The data ▸
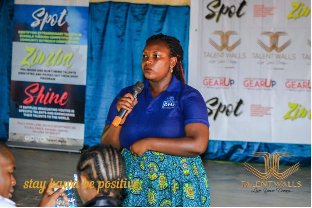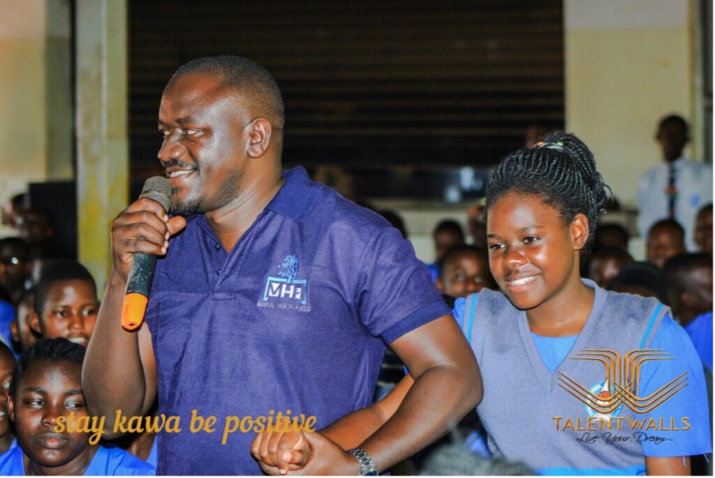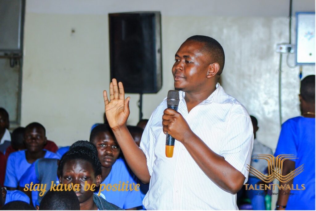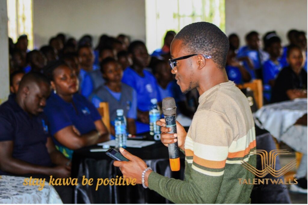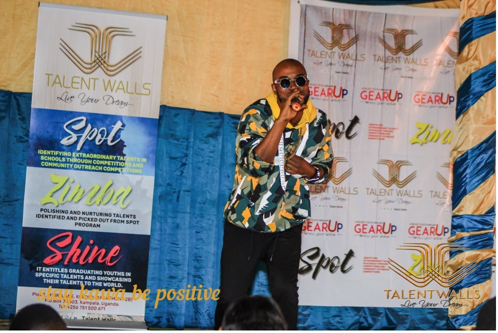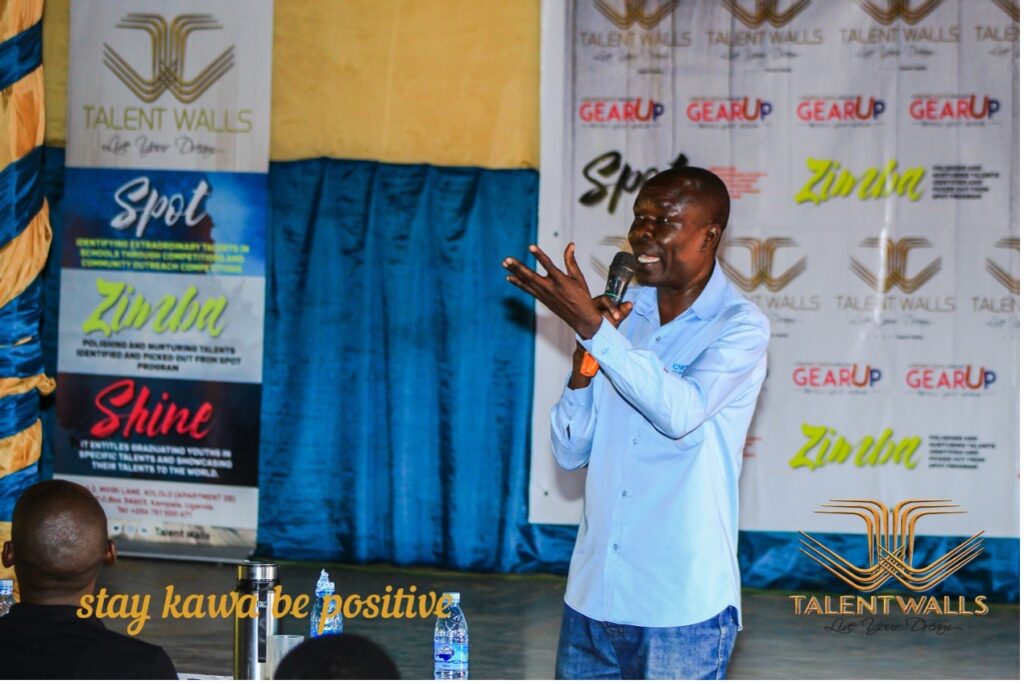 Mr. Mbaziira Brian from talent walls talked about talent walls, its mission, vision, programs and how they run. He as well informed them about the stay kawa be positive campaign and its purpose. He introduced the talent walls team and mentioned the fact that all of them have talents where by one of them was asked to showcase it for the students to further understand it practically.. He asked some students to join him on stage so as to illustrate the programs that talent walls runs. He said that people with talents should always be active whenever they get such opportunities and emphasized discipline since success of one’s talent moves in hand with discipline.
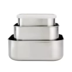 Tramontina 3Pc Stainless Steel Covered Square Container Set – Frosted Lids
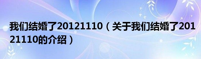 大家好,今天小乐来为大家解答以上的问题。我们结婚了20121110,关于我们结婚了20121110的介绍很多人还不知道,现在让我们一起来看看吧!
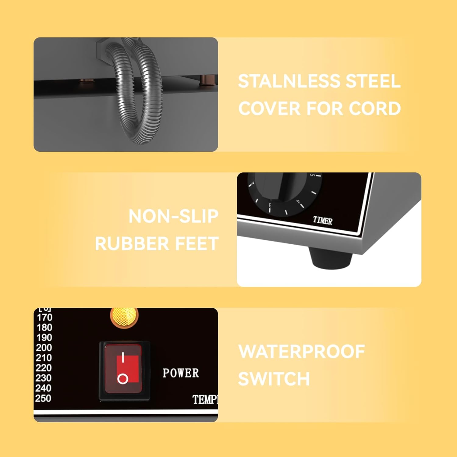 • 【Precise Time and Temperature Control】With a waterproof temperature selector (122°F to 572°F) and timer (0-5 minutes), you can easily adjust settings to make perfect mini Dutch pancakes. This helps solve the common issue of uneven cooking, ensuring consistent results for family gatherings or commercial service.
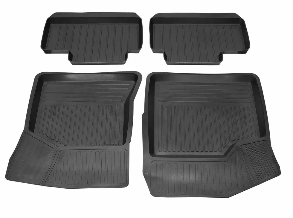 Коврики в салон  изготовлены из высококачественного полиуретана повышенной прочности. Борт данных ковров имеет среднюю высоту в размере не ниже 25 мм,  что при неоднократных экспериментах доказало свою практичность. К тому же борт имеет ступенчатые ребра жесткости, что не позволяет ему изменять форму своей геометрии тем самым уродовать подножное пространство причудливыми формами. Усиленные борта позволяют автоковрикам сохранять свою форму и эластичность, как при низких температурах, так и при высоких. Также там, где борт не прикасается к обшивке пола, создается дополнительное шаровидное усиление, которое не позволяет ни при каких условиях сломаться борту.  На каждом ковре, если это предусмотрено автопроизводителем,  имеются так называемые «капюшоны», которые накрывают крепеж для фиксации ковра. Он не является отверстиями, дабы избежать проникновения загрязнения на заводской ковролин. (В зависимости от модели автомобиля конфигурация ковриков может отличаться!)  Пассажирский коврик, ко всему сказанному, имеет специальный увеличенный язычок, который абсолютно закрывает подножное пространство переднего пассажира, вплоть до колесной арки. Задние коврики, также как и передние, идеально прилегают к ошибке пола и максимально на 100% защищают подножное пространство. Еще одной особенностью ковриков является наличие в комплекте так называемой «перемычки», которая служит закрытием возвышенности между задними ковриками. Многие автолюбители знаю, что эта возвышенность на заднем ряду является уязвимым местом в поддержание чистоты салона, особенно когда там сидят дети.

Task objective ▸ Would you transcribe the lines above exactly, going from the line bearing "大家好,今天小乐来为大家解答" through the line bearing "or commercial service.", and drop the pictures from the copy?

Exercise answer ▸
 大家好,今天小乐来为大家解答以上的问题。我们结婚了20121110,关于我们结婚了20121110的介绍很多人还不知道,现在让我们一起来看看吧!
 • 【Precise Time and Temperature Control】With a waterproof temperature selector (122°F to 572°F) and timer (0-5 minutes), you can easily adjust settings to make perfect mini Dutch pancakes. This helps solve the common issue of uneven cooking, ensuring consistent results for family gatherings or commercial service.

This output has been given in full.